Op de grond keek men ademloos toe, het was of de hel losbrak. Een enorme explosie volgde en een vuurbal als een reusachtige paddenstoel rees met donderend gerommel boven de rivier uit. De „Wachtel” vloog de lucht in, kisten met granaten ontploften in de lucht, en brokstukken kwamen tot ver op het land terecht. De explosie was zo hevig dat zelfs in Brielle ruiten kapot gingen. Nog weken na de oorlog hebben de stukken verwrongen ijzer tot ver over de spoorlijn Hoek van Holland—Rotterdam gelegen. Een enorme paddenstoel aan de westelijke hemel markeert nog uren lang de plaats waar de Wachtel is geëxplodeerd. Dicht bij de spoorbaan Hoek van Holland-Maassluis vond men een anker terug, de ankerwinch op het eiland Rozenburg. Het aantal Duitse doden bij de ondergang van de Wachtel is onbekend, maar meerdere bronnen vermelden circa zestig personen.
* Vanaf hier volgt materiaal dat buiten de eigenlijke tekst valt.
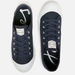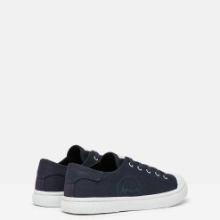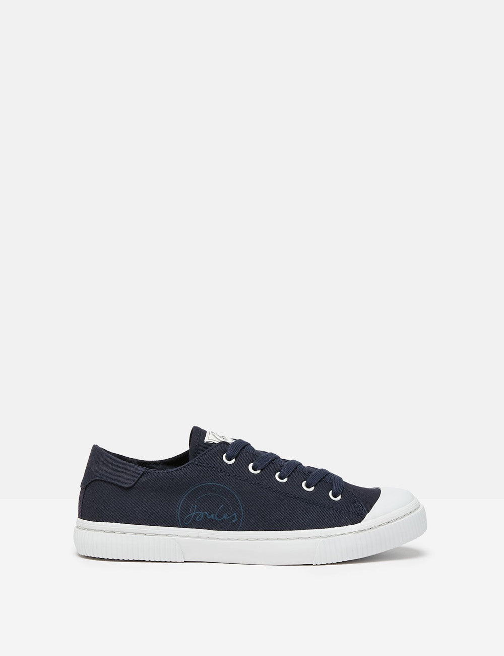 A preppy update to our classic pumps for the warmer seasons. Lightweight and breathable cotton canvas uppers, paired with a white rubber outsole, toe cap and ridged foxing, create a sporty look. With a comfortable fit and Joules branding, these trainers are perfect for the active and stylish.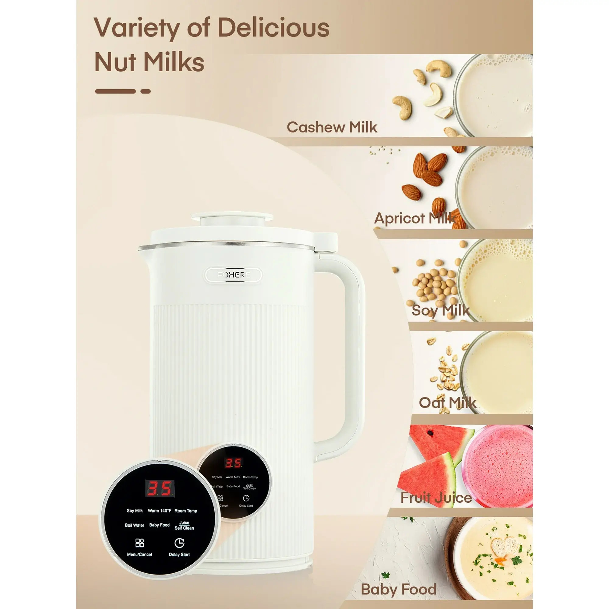 🌟 FOHERE 8 in 1 Nut Milk Maker Machine 🌟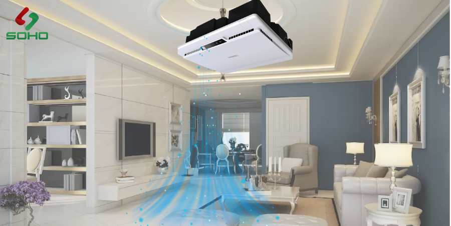 Máy cấp khí tươi âm trần: Giải pháp cao cấp, hoàn hảo cho villa có diện tích lớn. Hệ thống được giấu kín hoàn toàn, giúp tuần hoàn không khí toàn diện cho cả căn nhà.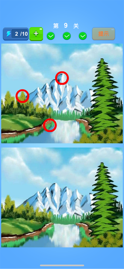 1、通过简单地操作来找寻两张图片上的不同之处,达到数量要求即可通关。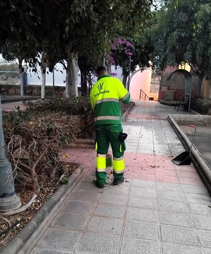 Para esta acción, el equipo de trabajo estuvo formado por cuatro conductores y ocho peones polivalentes, que se encargaron de llevar a cabo labores de barrido manual y mecánico, recogida de voluminosos, deshierbe y mantenimiento y lavado de contenedores y papeleras.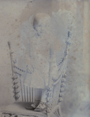 This is a photo of a young child who is standing on a wicker corner chair. The child I wearing a white dress and the ledger indicates his name is Herbert. Adolf Schade paid for this photo.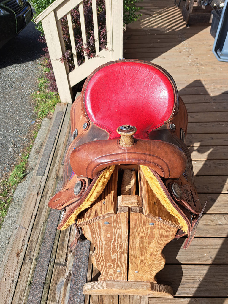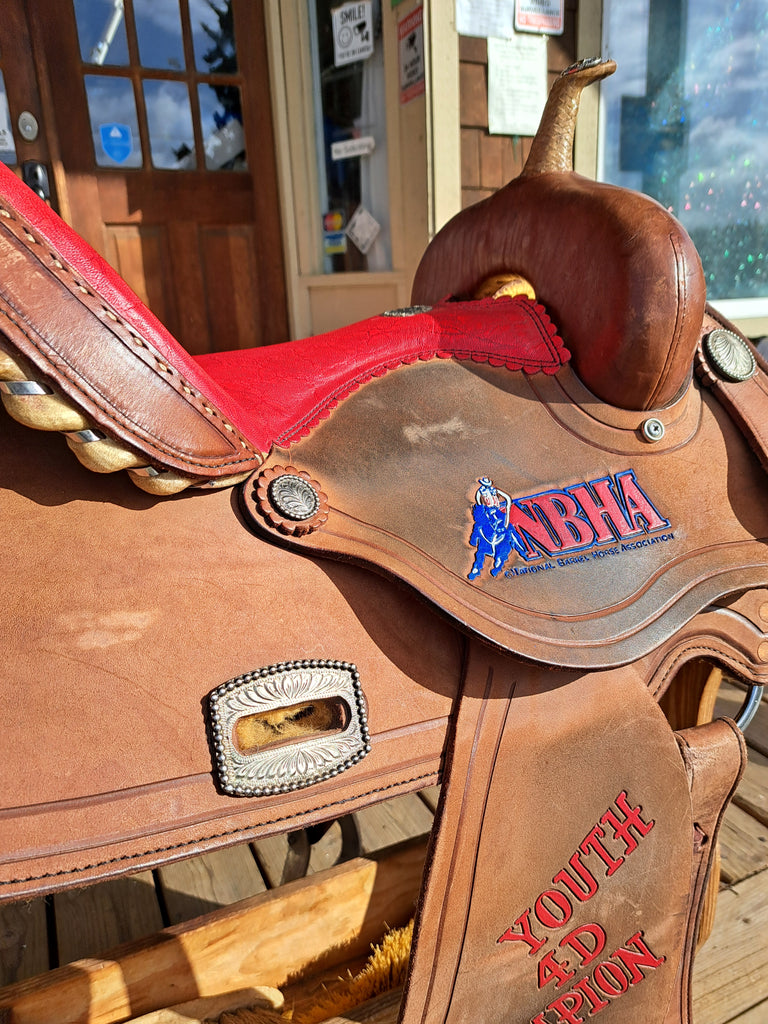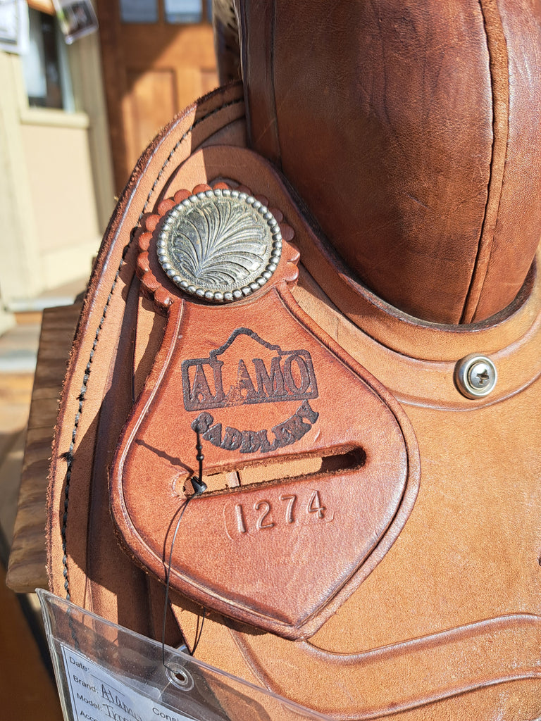 This Alamo Trophy Barrel Saddle has been well cared for and is in good used condition. It features full rough out, with a red elephant seat. It comes with an off-billet and a latigo.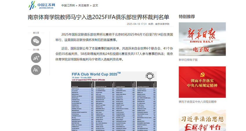 【中国江苏网】南体教师马宁入选2025FIFA俱乐部世界杯裁判名单

Een schildwacht van de stelling waterweg werd dodelijk getroffen door rondvliegend staal. Op het moment van de aanval bevonden Willem Hordijk en Willem Lievaart zich tussen de stelling Waterweg en het Oude Scheur. Bij een poging om dekking te zoeken in een eenmansput, welke overal langs de betonweg waren gegraven, waren zij te laat. Willem Hordijk overleed ter plaatse, terwijl Willem Lievaart op 4 oktober in het Diaconessenhuis te Rotterdam overleed. Waarom zij zo laat nog op weg waren naar de Scheurpolder is gelegen in het feit dat de chauffeur van de bus waarin zij aan het eind van de dag instapten, niet was verschenen. Die was ondergedoken omdat hij het te gevaarlijk vond in verband met de geallieerde vliegtuigen.
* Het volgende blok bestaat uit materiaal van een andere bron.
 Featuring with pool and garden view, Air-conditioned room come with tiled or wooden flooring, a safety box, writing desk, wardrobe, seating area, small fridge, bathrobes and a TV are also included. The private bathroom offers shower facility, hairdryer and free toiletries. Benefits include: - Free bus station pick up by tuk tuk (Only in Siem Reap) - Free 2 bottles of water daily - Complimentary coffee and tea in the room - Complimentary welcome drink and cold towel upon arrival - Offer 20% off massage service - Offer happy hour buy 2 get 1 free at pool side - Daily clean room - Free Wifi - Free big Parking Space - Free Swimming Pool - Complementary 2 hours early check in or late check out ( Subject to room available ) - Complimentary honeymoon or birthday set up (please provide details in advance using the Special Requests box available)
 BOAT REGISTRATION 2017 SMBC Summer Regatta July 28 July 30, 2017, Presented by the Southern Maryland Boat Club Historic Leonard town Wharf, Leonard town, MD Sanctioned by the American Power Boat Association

Hendrik van der Laan had een boerenbedrijf op de strook land tussen de spoorlijn en de Nieuwe Waterweg ter hoogte van de huidige stormvloedkering. Hij was tijdens de luchtaanval op het bedrijf. De tienallen wrakstukken als gevolg van de explosie werden tot wel op een kilometer afstand weggeslingerd. Hendrik van der Laan werd in de deuropening van zijn schuur getroffen door een rondvliegende scherf van de Wachtel en was op slag dood.
Hij liet een echtgenote en drie dochters achter.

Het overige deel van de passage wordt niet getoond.